In 1816 werd de Oude Hollandse Waterlinie definitief opgeheven, en enkele steden ten westen van Utrecht verloren hun status als liniestad.
Werkzaamheden in het noordelijk deel vonden onder meer plaats tussen 1841 en 1864. Torenforten verrezen bij Muiden (Westbatterij), Weesp (Fort aan de Ossenmarkt) en in Fort Uitermeer. Op de hoogste verdieping stonden gedekte vuuropstellingen. Ze waren omgracht en kenden een ophaalbrug. Er werden troepen gelegerd, materieel opgeslagen en dienden als uitkijkpost.
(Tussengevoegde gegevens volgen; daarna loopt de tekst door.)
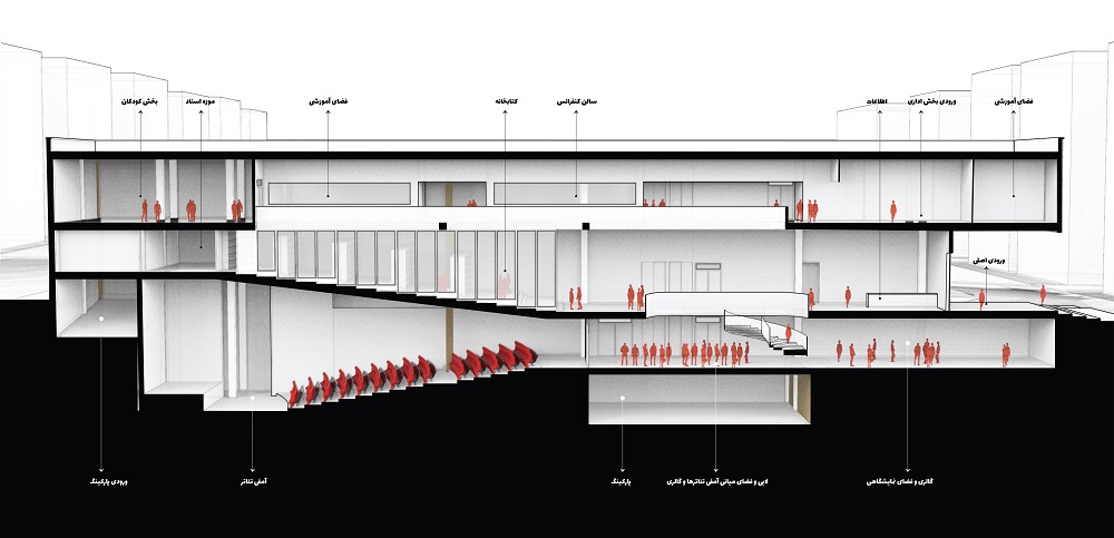 Kheradsara is both a destination for members and home to various events. We believe it should serve as a connection between the locals, Shahnameh, and culture. The volume is transparent on the southern side, while a horizontal void transforms into a yard—turning closed spaces into semi-open or open ones. The lobby at the bottom of the void connects the amphitheaters to the gallery and yard.
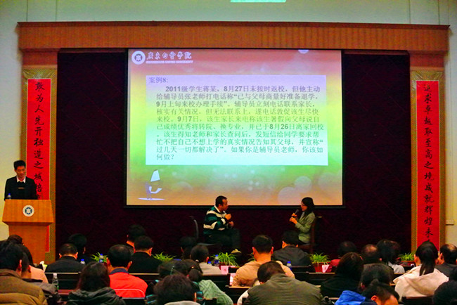 3月6日上午,在儒学堂进行笔试前8名选手的技能展示环节比赛。在技能展示环节开始之前,2013年广东省辅导员职业技能竞赛优秀选手王晓艳老师做了经验交流,她根据去年参加省教育厅的培训经历及自身参赛的心得体会,从主题班会、基础知识测试与写作、自我展示与案例分析、谈心谈话4个方面进行了详细介绍,给在场的每一个人带来了职业竞赛活动与学生工作的新思路和新方法,让大家受益良多。

In 1853 werd de Kringenwet ingevoerd, waardoor gereguleerde beperkingen werden opgelegd aan bouwactiviteiten rond militaire vestingen om vrije schootsvelden te hebben. Die kringen golden bijv. in de Vechtstreek onder meer voor de vestingen Muiden, Weesp en Naarden en de forten Uitermeer en Hinderdam. De wet bleef gelden tot 1951 (opschorting) en 1963 (intrekking). Houten huizen en gedwongen uitbreiding van steden in bepaalde richtingen herinneren nog aan de werking van deze wet.
Kort daarna moesten als gevolg van militair-technische veranderingen aanpassingen aan de linie worden doorgevoerd. Tussen 1867 en 1870 werd daarom het Offensief voor Naarden, waarvan nog slechts één van de vijf werken bestaat, aangelegd. Kort na de aanleg, in 1870, vond een eerste inundatie plaats in het kader van de Frans-Duitse Oorlog.
De Vestingwet van 1874 betekende een sterke financiële investering in de linie, terwijl vele andere vestingen werden opgeheven. Tevens bleek als gevolg van nieuwe technische vooruitgang de focus veel minder op de forten te moeten liggen.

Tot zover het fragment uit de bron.